## Input
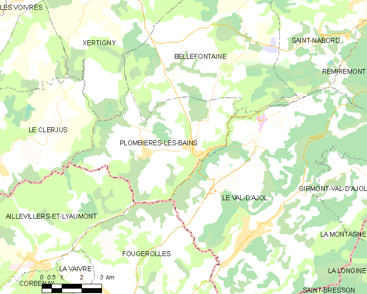 Map of French municipality Plombières-les-Bains
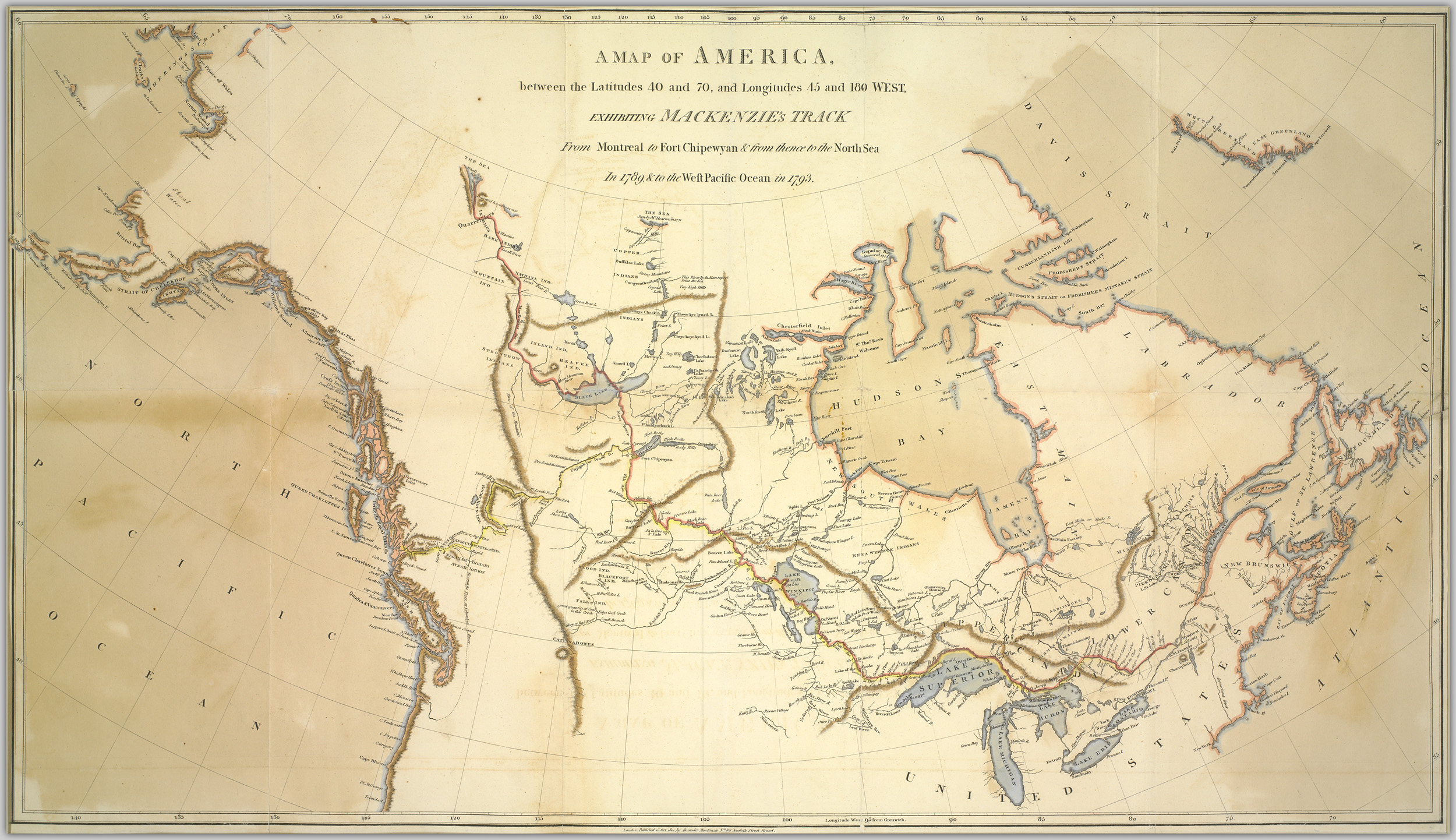 No known copyright restrictions. Please credit UBC Library as the image source. For more information, see Creator: Mackenzie, Alexander, 1764-1820 Date Issued: 1801-10-13 Source: Original Format: University of British Columbia. Library. Rare Books and Special Collections. Andrew McCormick Maps and Prints. Permanent URL
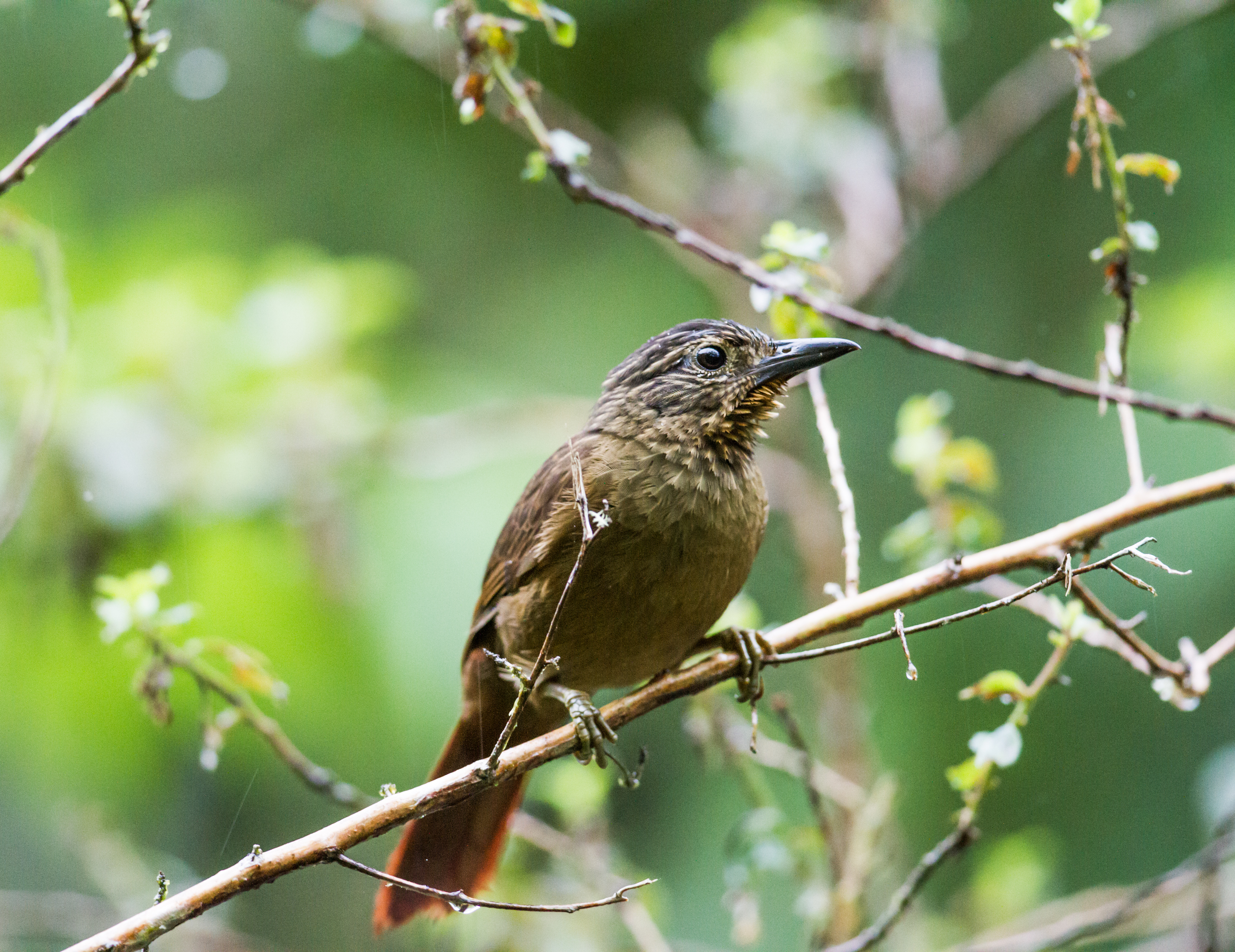 Black-billed Treehunter from WildSumaco Lodge - Napo - Ecuador.
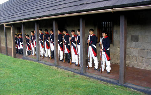 Actors in the Niebla fort museum. I took this photo.
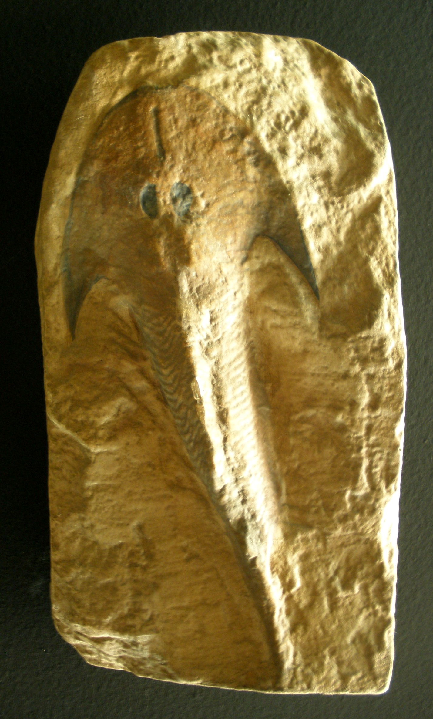 Took the photo at Museo di Storia Naturale di Bergamo
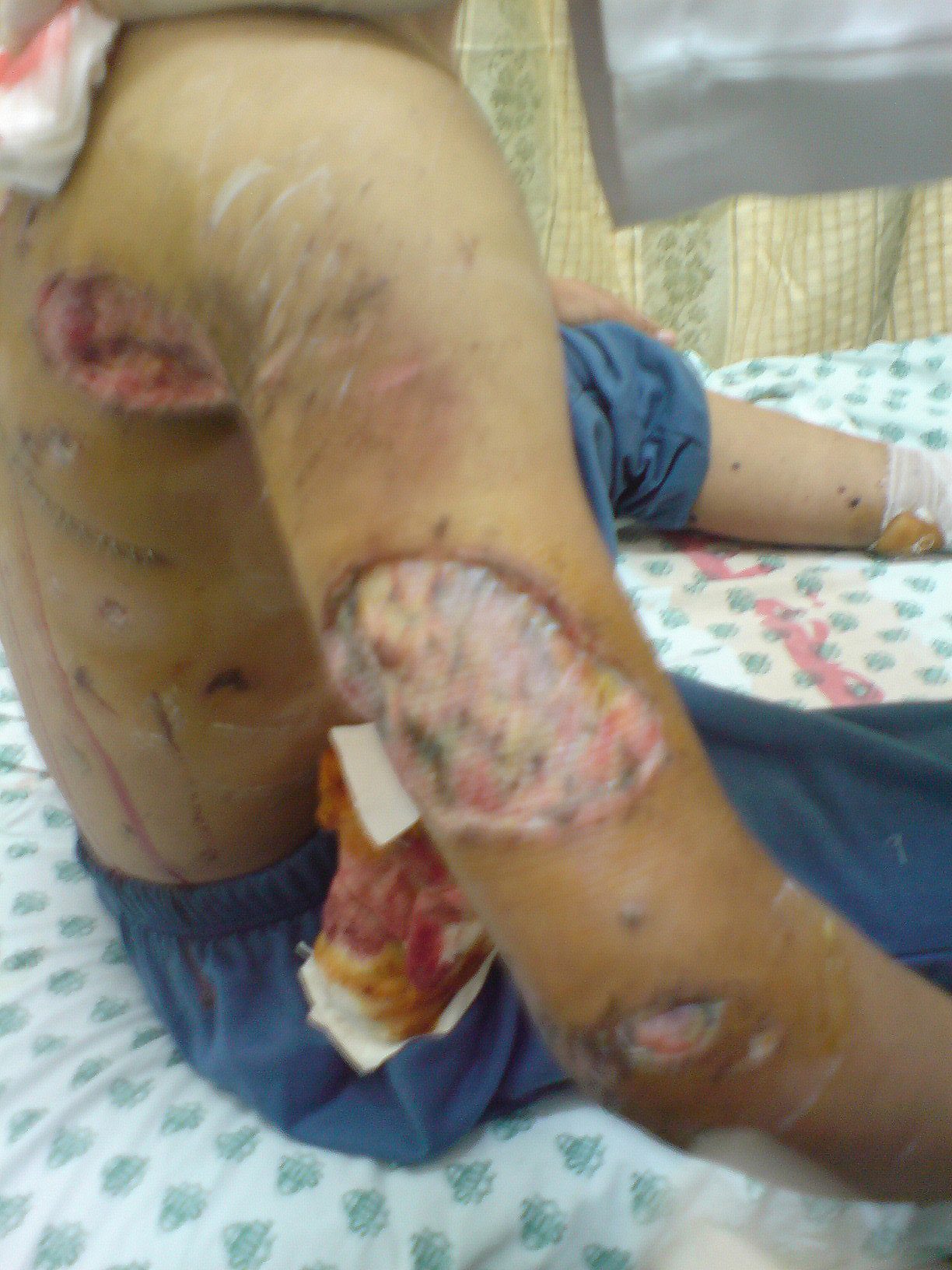 15 year-old Ayman al-Najar at the Al-Nasser Hospital in Khan Younis. He sustained severe injuries from white phosphorus after Israeli bombing of the village Khoza'a. [1][2]
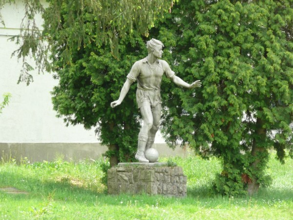 Footballer (sculpture, Komló, Hungary)
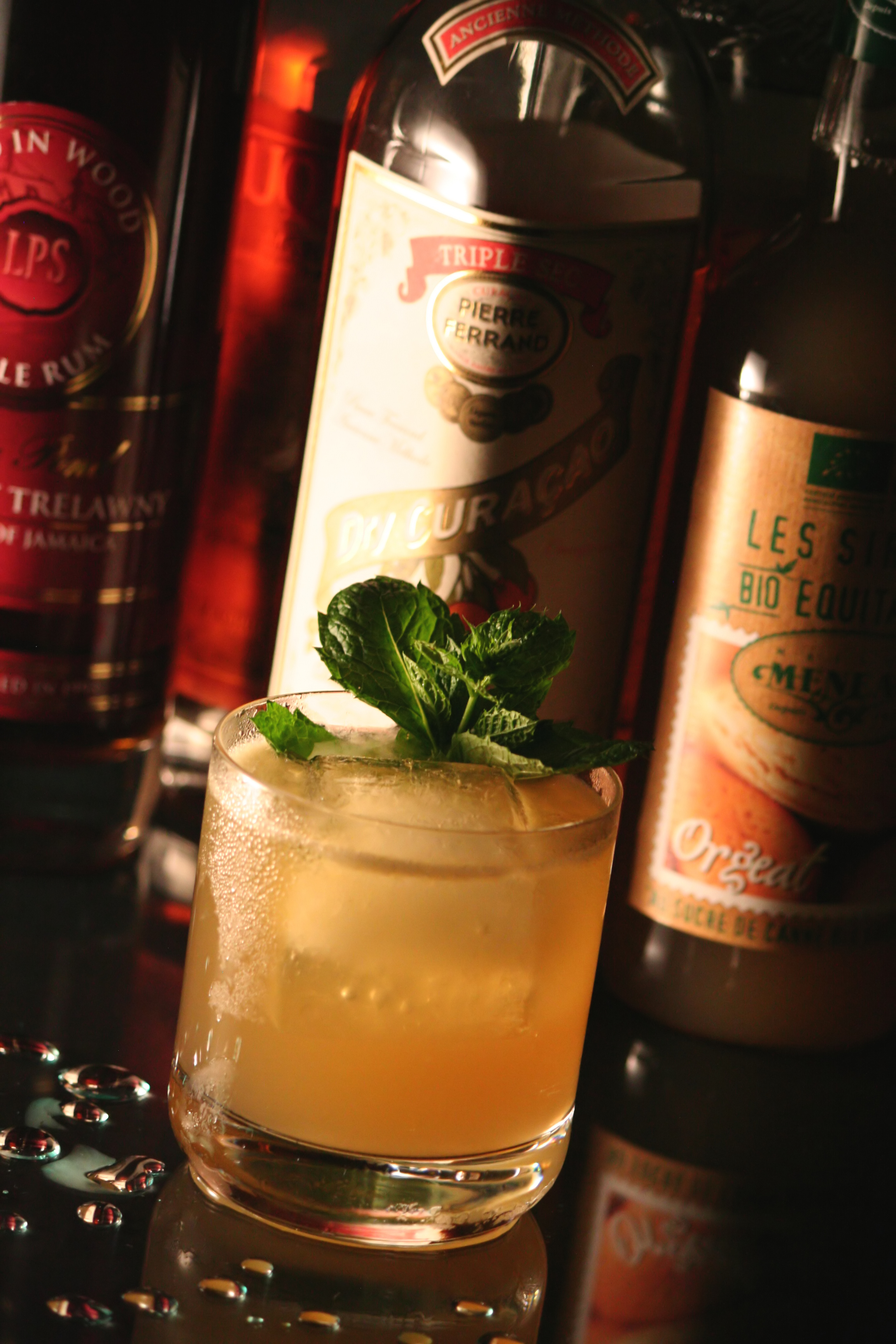 Mai Tai mixed in a traditional way with Long Pond Distillery Trelawny 17y, Duquesne Eleve Sous Bois, Pierre Ferrand Orange Curacao, Meneau Orgeat, cane sugar and lime juice.
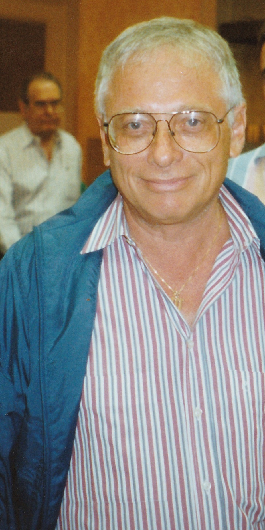 William (Billy) Eisenberg, American bridge and backgammon professional.

## Exercise prompt
Take the line with "Took the photo" as the first line and the last line of the records above as the final one; reproduce exactly the lines between them, both included, without pictures.

## Exercise output
 Took the photo at Museo di Storia Naturale di Bergamo
 15 year-old Ayman al-Najar at the Al-Nasser Hospital in Khan Younis. He sustained severe injuries from white phosphorus after Israeli bombing of the village Khoza'a. [1][2]
 Footballer (sculpture, Komló, Hungary)
 Mai Tai mixed in a traditional way with Long Pond Distillery Trelawny 17y, Duquesne Eleve Sous Bois, Pierre Ferrand Orange Curacao, Meneau Orgeat, cane sugar and lime juice.
 William (Billy) Eisenberg, American bridge and backgammon professional.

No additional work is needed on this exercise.